背中などの手が届きにくい場所は難しいですが、届く範囲なら、探し方はシンプルです。

  1. 痛い場所のまわりも含めて、同じように温熱器を当ててみる
  2. 「ここだけ熱い」と感じる場所を見つける
  3. そこを、「熱いけど気持ちいい」程度で刺激していく

熱さの感じ方の見分け(キンッとジワの違い)や温度設定は、こちらで詳しく書いています。
三井温熱の温度設定は何度がいい?

注意事項も書いておきますね。

以前、五十肩(肩関節周囲炎=かたかんせつしゅういえん)で、肩の一部分がものすごく痛い方がいました。その方は良かれと思って、いちばん痛いところ、つまり炎症が起きているところに、必死に温熱器で熱を入れ続けたんです。結果、炎症はひどくなり、痛みも増してしまいました。夜も眠れなくなるほど。

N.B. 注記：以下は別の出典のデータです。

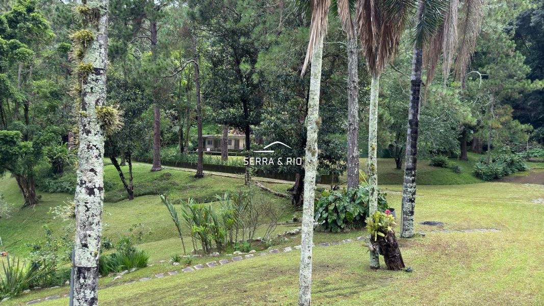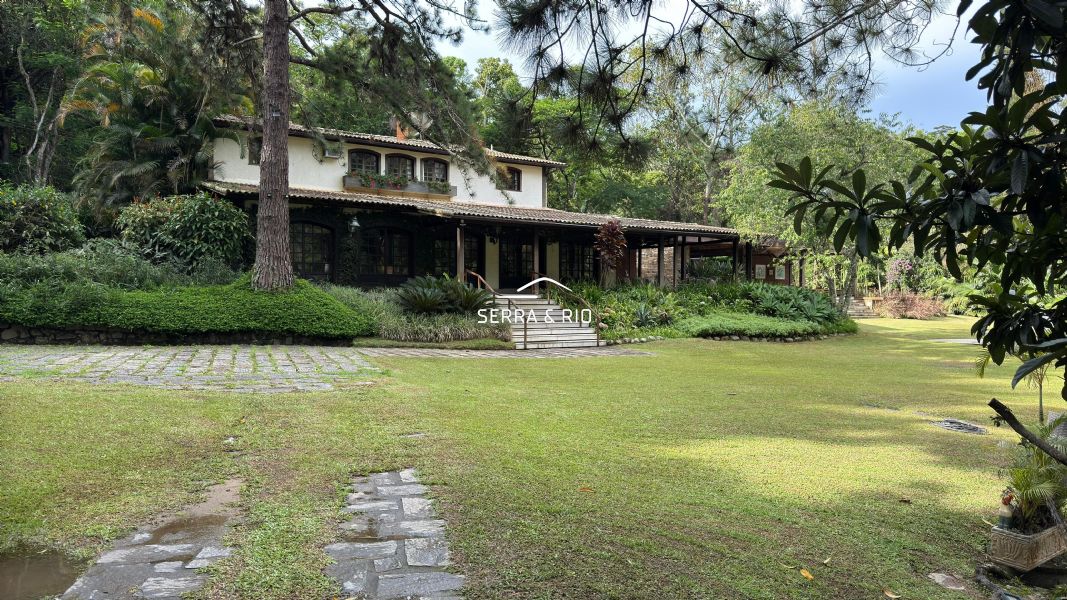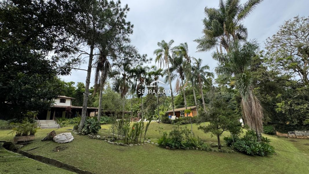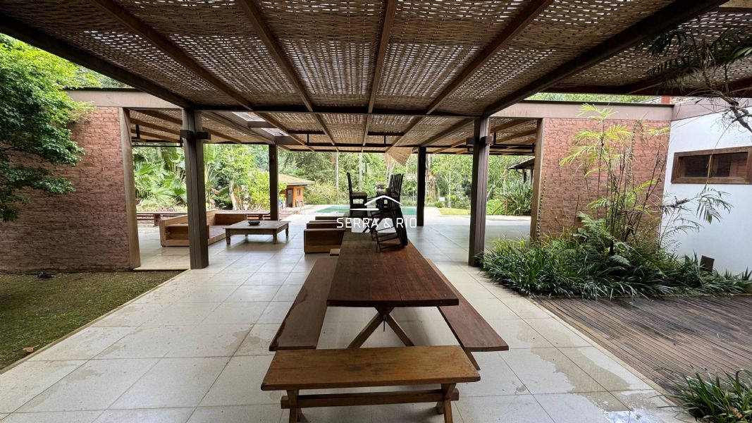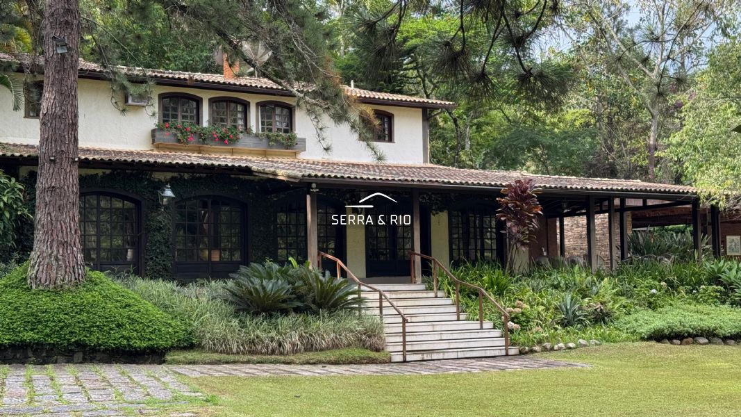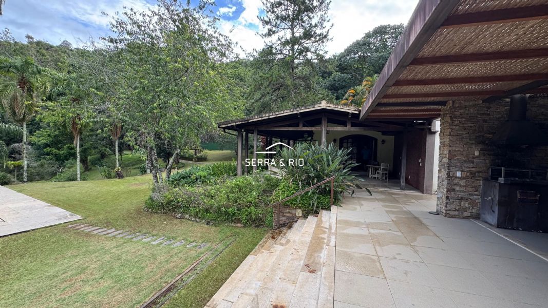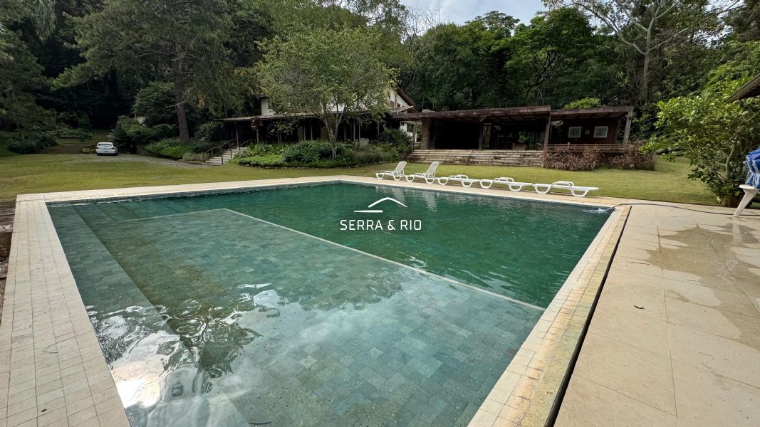 A propriedade possui 17.000 m² de terreno e um casarão imponente dividido em 3 setores, somando 8 quartos, sendo 4 suítes, amplas salas de jantar e estar, varanda e salão de jogos.
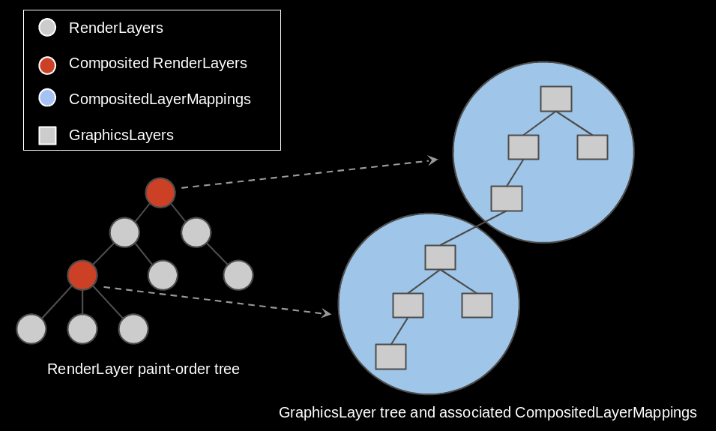 原则上,Render Layer Tree中的每个Render Layer都相应有一个Composited Layer Mapping,每个Composited Layer Mapping又包括有若干个Graphics Layer。
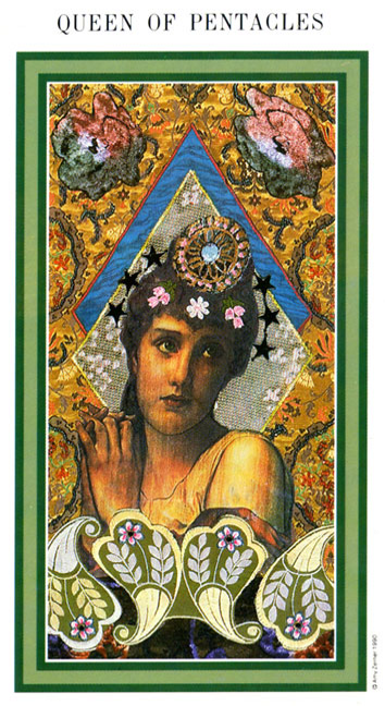 The Queen in the suit of Pentacles becomes aware of her Earthly attributes; she's reliable and sober, able to give good advice.
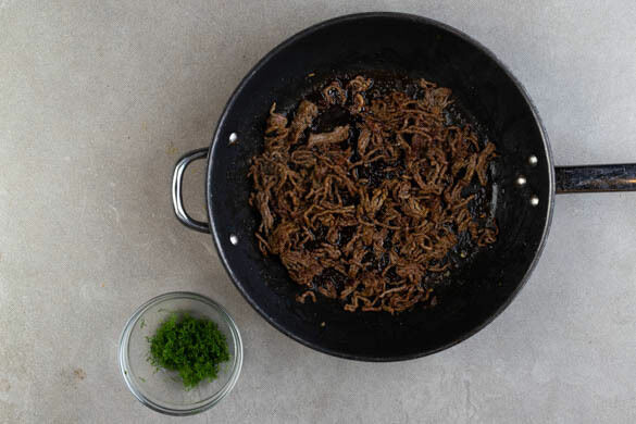 Das Hackfleisch mit dem Gulaschgewürz in die Pfanne rühren und mit je 1 kräftigen Prise Salz und Pfeffer bei mittlerer bis starker Hitze 5–7Min. braten. Tipp: Nur wenig umrühren, damit das Hackfleisch schön knusprig wird. Mit Salz und Pfeffer abschmecken und bei niedrigster Hitze warm halten. Inzwischen den Dill fein schneiden.

痛い場所に熱を集中させ続けることには、こういうリスクがあります。強い痛みがある場所、腫れや熱を持っている場所は、「そこを避けて、まわりやおおもとから」が原則です。温める順番と、やってはいけないケースについては、必ずこちらも読んでください。

三井温熱はどこから温める?順番と戻し方
三井温熱療法 やってはいけないケースは?

まとめ:場所が変われば、結果が変わる

  • 「痛い場所」と「悪い場所」は、違うことがよくあります。腰痛ならお尻、頭痛なら首、首こり・肩こりなら肩甲骨の外側、指や手首の痛みなら肘まわり——26年、くり返し見てきた組み合わせです
  • 痛い場所は「無理をさせられている場所」、おおもとは別にある。だから痛い場所だけのケアでは戻りやすいんです
  • 悪い場所は、熱さの感じ方が教えてくれます。「ここだけ熱い」を探して、熱いけど気持ちいい程度で
  • 炎症が疑われる場所への集中加熱は逆効果。順番と禁忌の記事を必ず確認してください

一生懸命ケアしているのによくならないのは、あなたのせいでも、気のせいでもありません。場所を変えてみる。熱さの感じ方に集中してみる。

それだけで、結果が変わることがあります。

なお、強い痛みが続く場合、腫れ・しびれ・発熱をともなう場合は、自己判断せず、まず医療機関で相談してくださいね。